The Delhi Assembly poll results are out and Aam Aadmi Party (AAP) has done what many thought was unthinkable. They have repeated a sweep of unprecedented scale. Sweeps are rare; a sweep that happens in a span of 5 years is rarer than sighting a blue moon! 

To start with, it was clear that AAP has an upper hand in Delhi. There wasn’t any kind of anger to them, the common Delhi’ite loved what the party had delivered and the new improved Kejriwal was getting more love than a year earlier. The BJP had to mount a challenge to counter this and move the votes away from AAP. 

The BJP campaign was desperate, abrasive and had a street fighter tonality. It questioned the choice Delhi made 5 years back and asked them to not repeat the mistake. Large parts of the creative in their campaign were dark, with black and white pictures and an angry tonality. What the BJP forgot was that their brand is about inspiration. They have made Indians proud of Indianness. Their narrative in the past Lok Sabha election was of positivity and hope. The indications were clear that the campaign isn’t connecting and that the party needs a new narrative. They did just that by upping the rhetoric and not getting inspirational. This is where the campaign just fizzled out and by the time the polling day came, the campaign wasn’t making the AAP voters question their choice.

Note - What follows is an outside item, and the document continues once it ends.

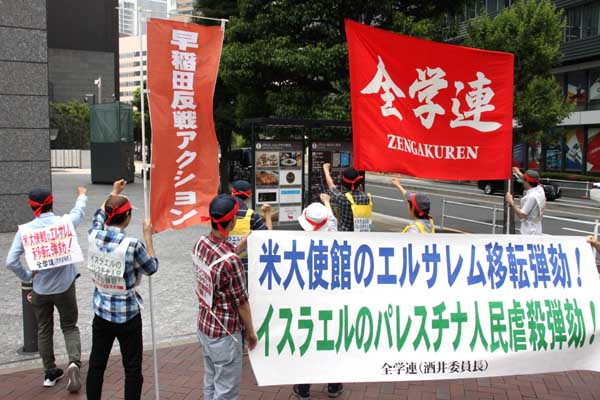 5月18日、全学連のたたかう学生たちは、トランプ政権によるエルサレムへの在イスラエル米大使館の移転とネタニヤフ政権によるパレスチナ人民虐殺を弾劾し、アメリカ大使館・イスラエル大使館にたいする緊急抗議闘争に決起した。

The AAP campaign, in contrast, was positive, happy and sometimes even cheeky. The campaign borrowed from popular culture and made people look at the party with a sense of positivity. The campaign almost ignored what the BJP’s campaign was saying and continued to focus on what the party had delivered in the last 5 years. The digital campaign they ran was also only about themselves and they never joined any conversation with the rivals. They over-invested on Facebook and didn’t do what the rival parties do on Twitter. And despite the overwhelming chatter on social media about a variety of issues, the AAP handles didn’t join the conversation. They took a considered call. The positive tonality of the campaign did help in keeping the narrative positive and happy. 

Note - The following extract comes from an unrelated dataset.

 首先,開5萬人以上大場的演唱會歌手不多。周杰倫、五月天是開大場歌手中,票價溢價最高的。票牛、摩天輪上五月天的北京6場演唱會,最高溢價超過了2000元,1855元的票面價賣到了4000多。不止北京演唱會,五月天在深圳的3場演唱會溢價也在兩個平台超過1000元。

As in every election campaign, the real campaign tonality was on display in election rallies and speeches and not on just the media campaign. This is where real politics was on display and not everything on display was in good taste. Both the parties played the religion card to the hilt. Maybe no election in India can ever be fought without religious overtones. 

Looking back, this much is clear – the new voters in India do respond to positive, inspirational tonality of a party campaign and don’t always make a choice based on anger or dissatisfaction.